▶ _What you will do_
The lines below, from the one containing "Onze reisgids Japan" through the one containing "Portland (PDX) to", should be set down exactly, with no pictures and nothing else.

▶ _Excerpted data_
==================================================
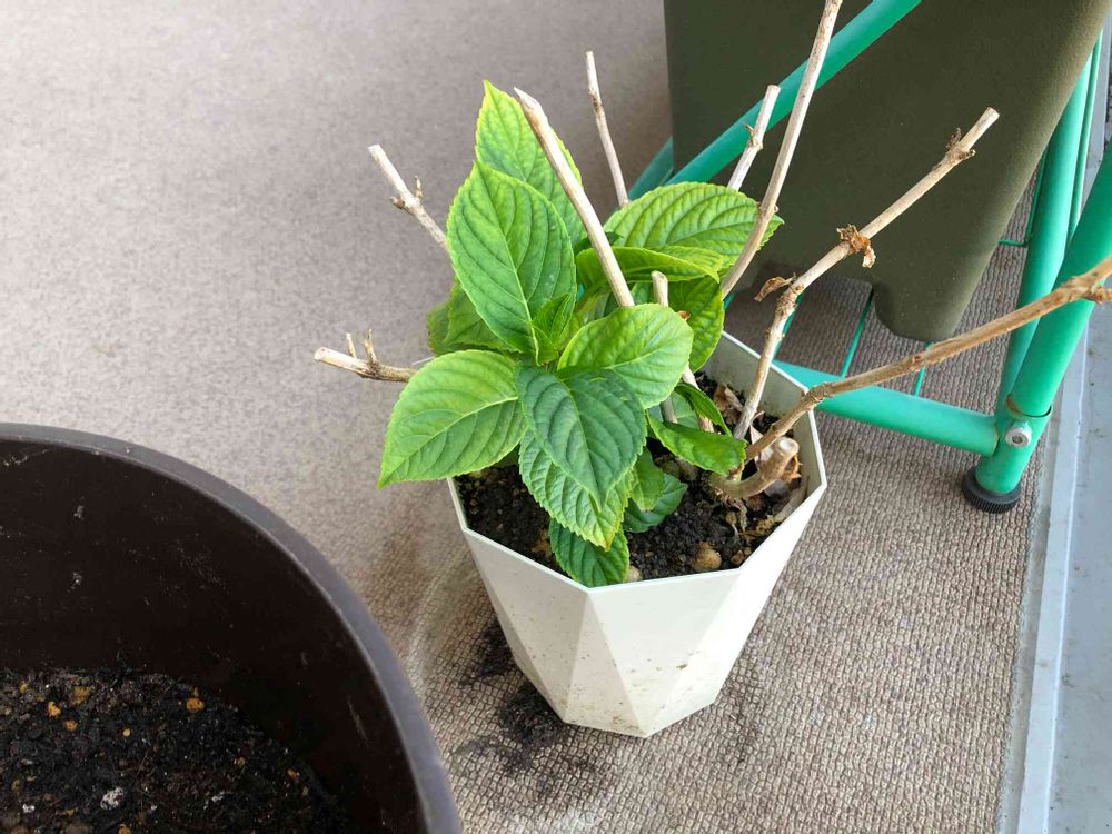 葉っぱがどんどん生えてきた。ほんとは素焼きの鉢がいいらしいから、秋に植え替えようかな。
==================================================
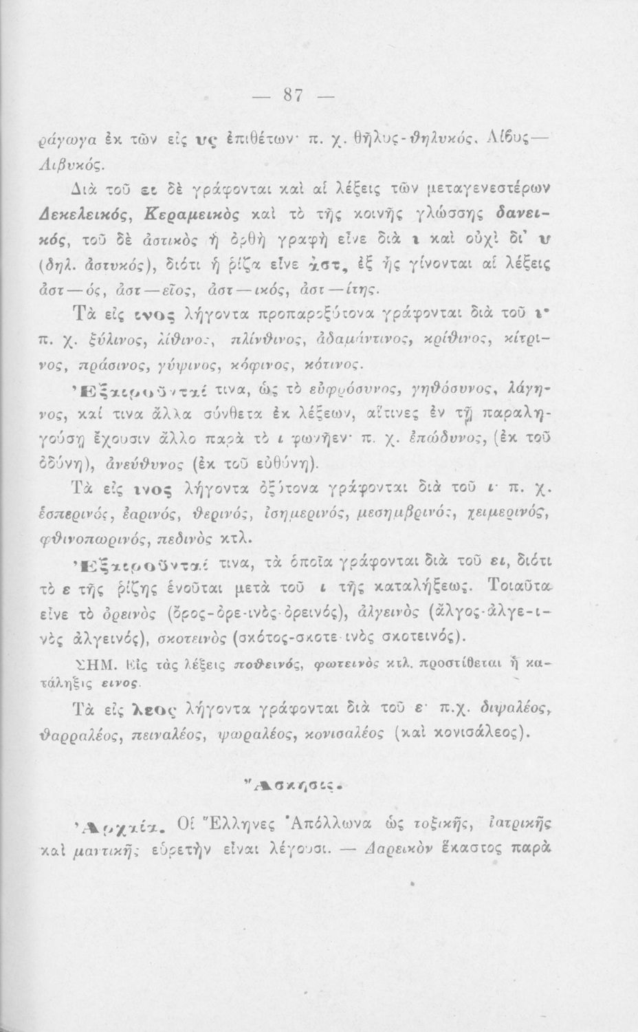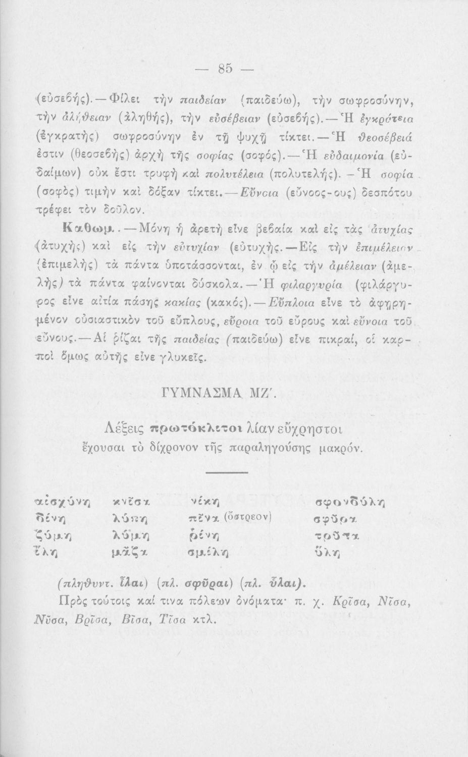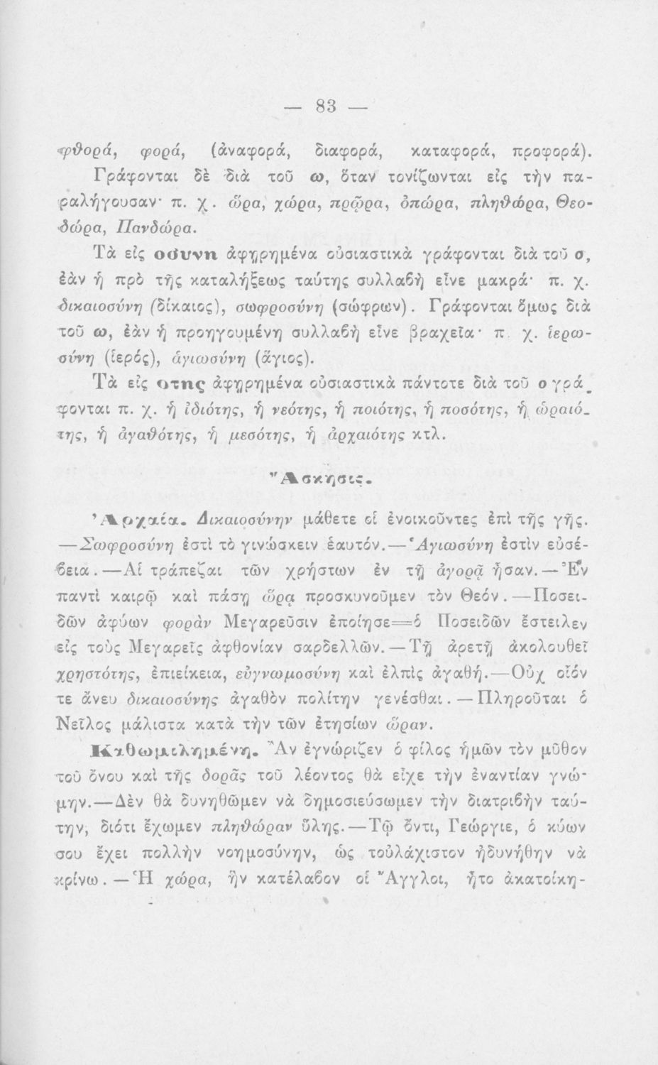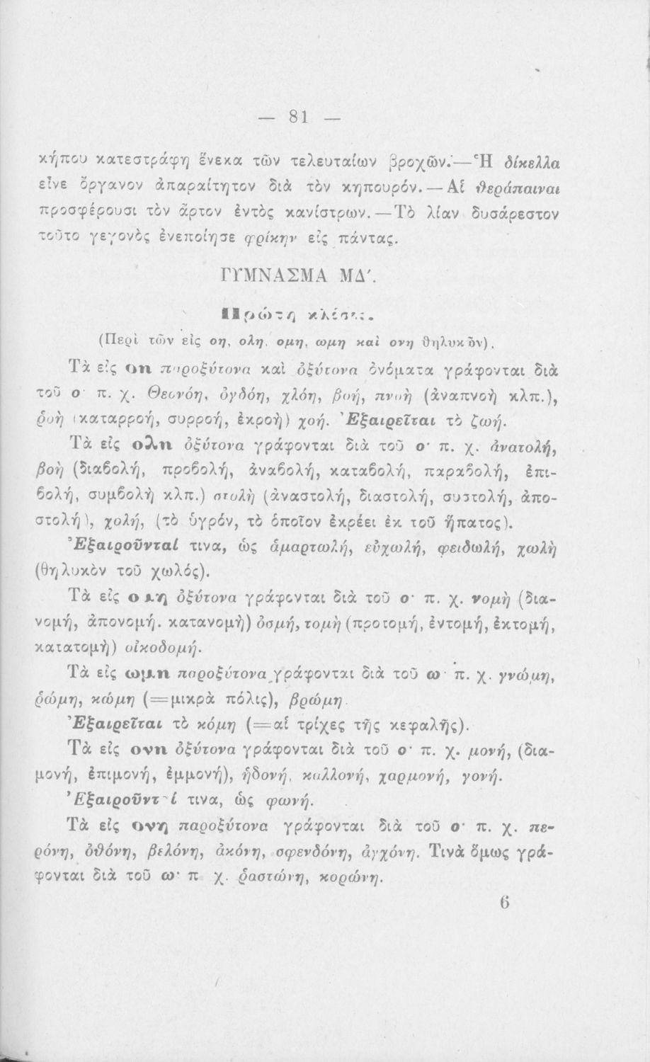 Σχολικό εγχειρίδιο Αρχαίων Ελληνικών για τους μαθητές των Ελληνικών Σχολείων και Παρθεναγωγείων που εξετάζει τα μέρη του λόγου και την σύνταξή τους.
==================================================
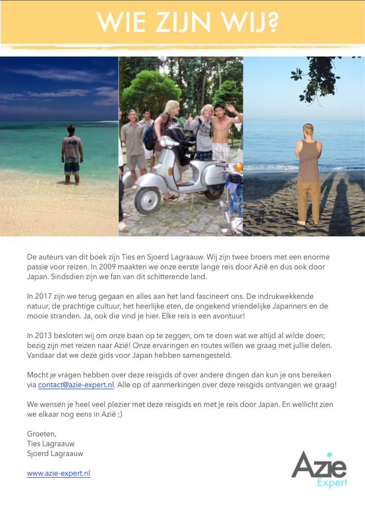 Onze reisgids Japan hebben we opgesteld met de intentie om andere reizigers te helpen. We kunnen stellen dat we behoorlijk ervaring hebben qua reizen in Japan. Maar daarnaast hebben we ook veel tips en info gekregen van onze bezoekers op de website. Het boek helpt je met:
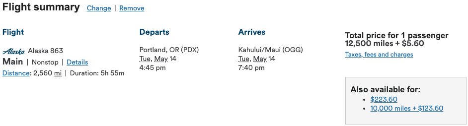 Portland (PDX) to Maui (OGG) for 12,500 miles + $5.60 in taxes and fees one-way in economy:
==================================================
▶ _Output_
 Onze reisgids Japan hebben we opgesteld met de intentie om andere reizigers te helpen. We kunnen stellen dat we behoorlijk ervaring hebben qua reizen in Japan. Maar daarnaast hebben we ook veel tips en info gekregen van onze bezoekers op de website. Het boek helpt je met:
 Portland (PDX) to Maui (OGG) for 12,500 miles + $5.60 in taxes and fees one-way in economy:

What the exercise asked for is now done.